Ло видела меня на этаже с коробками и расстеленными газетами. Однажды она заметила на полу флакончик с ее духами «Энджел» и тут же его схватила.

— Это что такое?

— Ло, я делаю это для нас, для всех. Если в духах что-то есть, то, может быть, есть и способ дать обратный ход, помочь другим избежать этой ситуации.

Она отвернулась и ушла. Никогда на меня не кричит. Мы вместе прошли через ад. Наш Чаки никогда не смеялся. Его можно было держать на руках, но он не тянулся к нам, не обнимал, не клал голову на плечо. Сталкиваясь с таким, кричать не станешь. И вот через неделю после случая с духами я сидел здесь, за своим столом. Мы выработали некую систему. Я не навещал Чаки с тех пор, как мы оставили его там, тогда как Ло ездила туда постоянно. Дело не в каком-то мученическом подвиге, но что-то такое всегда есть, оно бурлит у самого края и время от времени проливается, и тогда Ло бросает мне вызов: «Ты просиживаешь все время со своими коробками, а может быть, если бы увидел его, то смог бы расслабиться, отпустить и просто жить».

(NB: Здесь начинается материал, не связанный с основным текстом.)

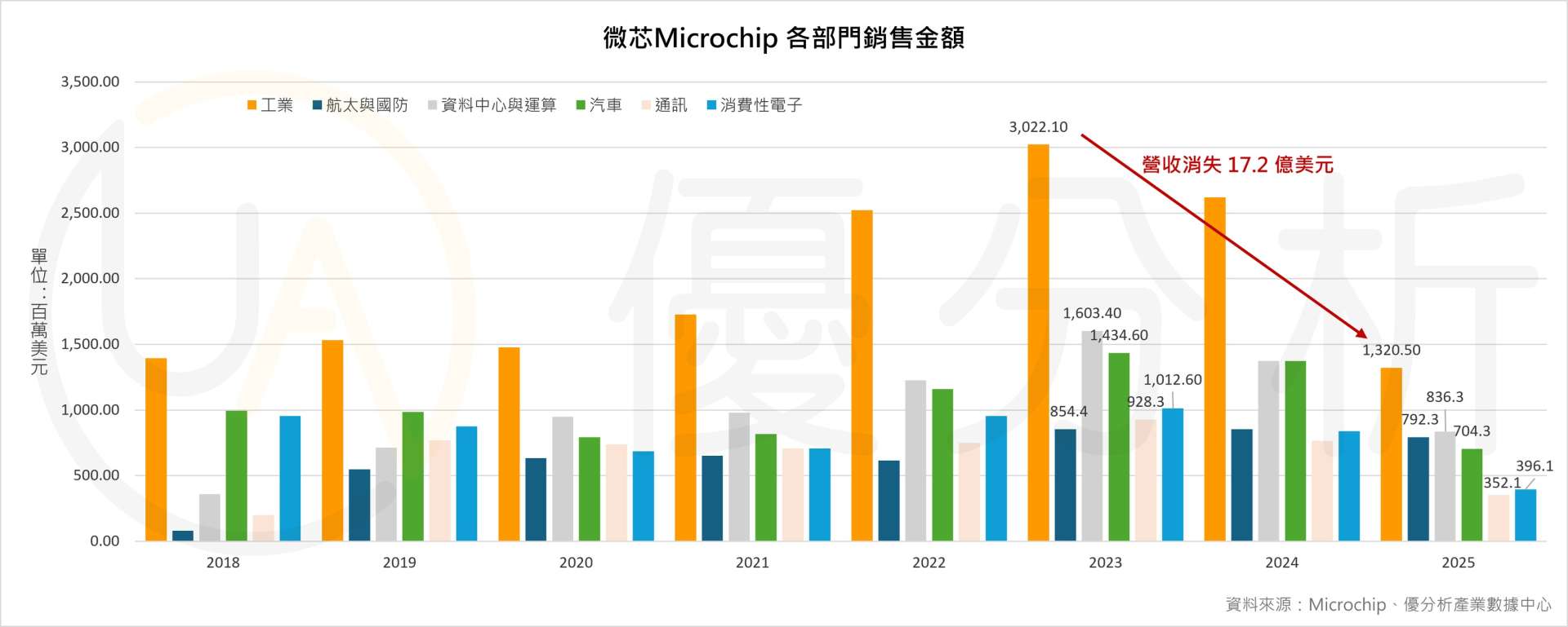 從下圖的分部營收結構來看,微芯的工業部門營收在 2018–2023 年間一路攀升,並在 2023 年達到約 30.22 億美元的高點,是所有終端市場中規模最大的一塊。然而到了 2025 年,工業營收明顯縮水至約 13.20 億美元,跌幅超過一半,是所有部門裡下滑最明顯的一段,也反映工業活動在過去一年半中經歷了極深的修正。
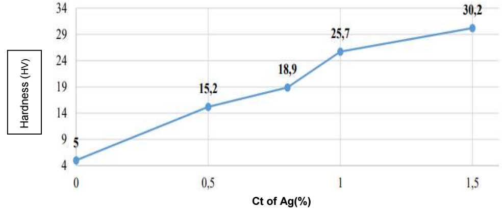 It is clearly seen that, with higher Ct of Ag, the alloy hardness increased, going from 5 HV, for pure Pb, up to 30.2 HV, for Pb-1.5% Ag. This effect was probably due to the decrease in the alloy grains initial size after Ag addition.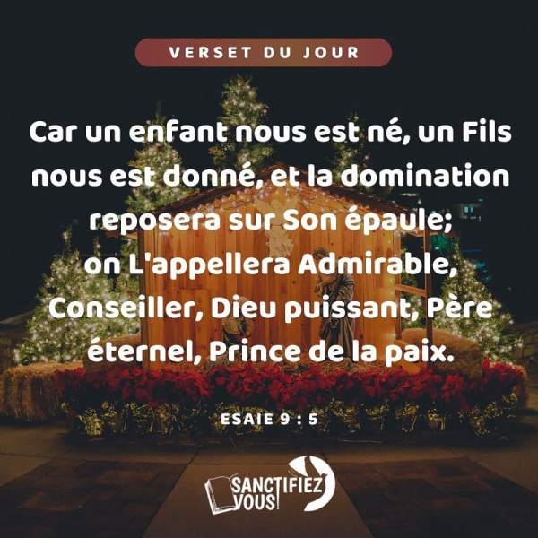 Car un enfant nous est né, un fils nous est donné, Et la domination reposera sur son épaule; On l'appellera Admirable, Conseiller, Dieu puissant, Père éternel, Prince de la paix. Ésaïe 9:5Verset du jour 📖Nou gen yon ti pitit ki fenk fèt. BonDye ban nou yon gason. Se Li menm ki pral chèf nou. Y'a... Lire la Suite →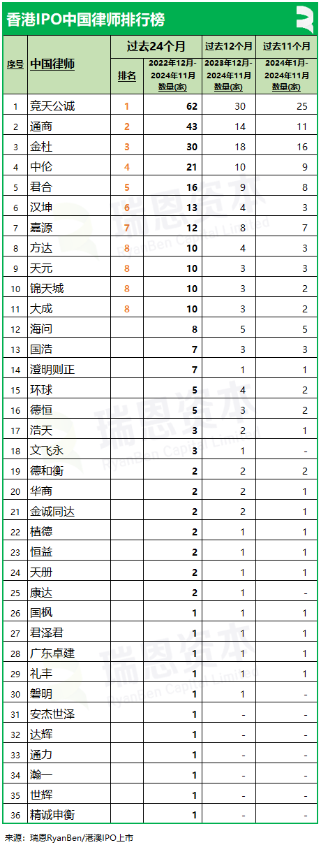 就本年前11个月的数据来看,这36间中国讼师中的27间,参与57家(触及到中国业务或财富)新上市。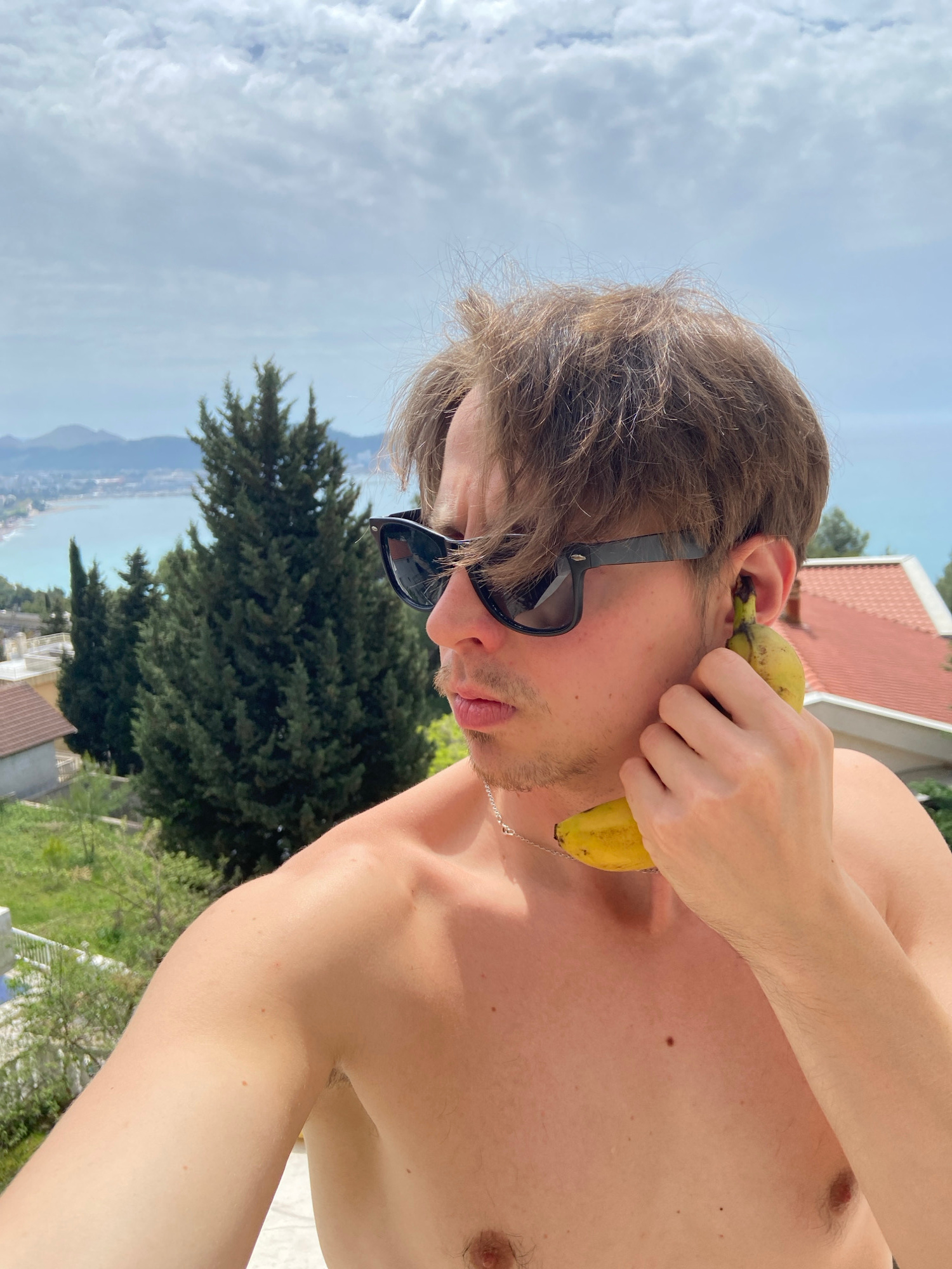 A shirtless man with sunglasses holds a banana to his ear. The background features a cloudy sky, a green tree, and a view of the coast with a body of water. In the far background, there are buildings…read more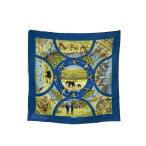 HERMES◆カレ90/タンザニア/スカーフ/シルク/BLU/アニマル/レディース

На телефоне срабатывает будильник, а значит, мой чай уже готов. Я пью травяной для горла чай с корнем алтея. Ло его терпеть не может — слишком сладкий и успокаивающий. Но мне нравится. Он мягкий. Заваривать его нужно пятнадцать минут, в чашке под крышкой. На упаковке написано, что он обеспечивает внутренний слой защиты. «Защиты от чего?» — всегда интересуется Ло.

Как часто бывает в это время вечера, звонит мой телефон. Откидываюсь на спинку стула, готовлюсь к словоизвержению.

— Мэдди, дорогая, как вы сегодня?

Сын Мэдди Голеб, Ричи, умер у себя во дворе. Ему было двадцать три года, и причиной смерти назвали коронарный тромбоз. За последние несколько лет этот случай стал одним из четырех необъяснимых. Его мать звонит мне каждые три-четыре месяца, поскольку думает, что в этом деле не все так просто. Каждый раз, когда Ло обвиняет меня в одержимости, я вспоминаю Мэдди как живое доказательство того, что время залечивает не все раны и не полностью. Я никогда не прошу ее перестать плакать. Просто жду.

Она сморкается.

— Эгги, я видела сон прошлой ночью.

У меня сжимается сердце. Я ничего не могу поделать с ее снами. Слушаю, как она описывает цвет рубашки Ричи, пульсирующую жилку у него на лбу. Но я только потакаю ей. Как те гарвардские шишки, которые терпеливо выслушивают меня, когда я прихожу с «делом Чаки» и излагаю свои теории. Ответ всегда один и тот же — нет. Спасибо, что пришли, но случай вашего ребенка относится к числу неизученных. Иногда я даже хочу, чтобы меня отправили куда подальше. Иногда думаю, что пошлю подальше Мэдди, и, может быть, это поможет ей. Иногда, но не сегодня. Я прилежно записываю. Задаю вопросы. В этот раз ей приснилось, что сын пришел домой.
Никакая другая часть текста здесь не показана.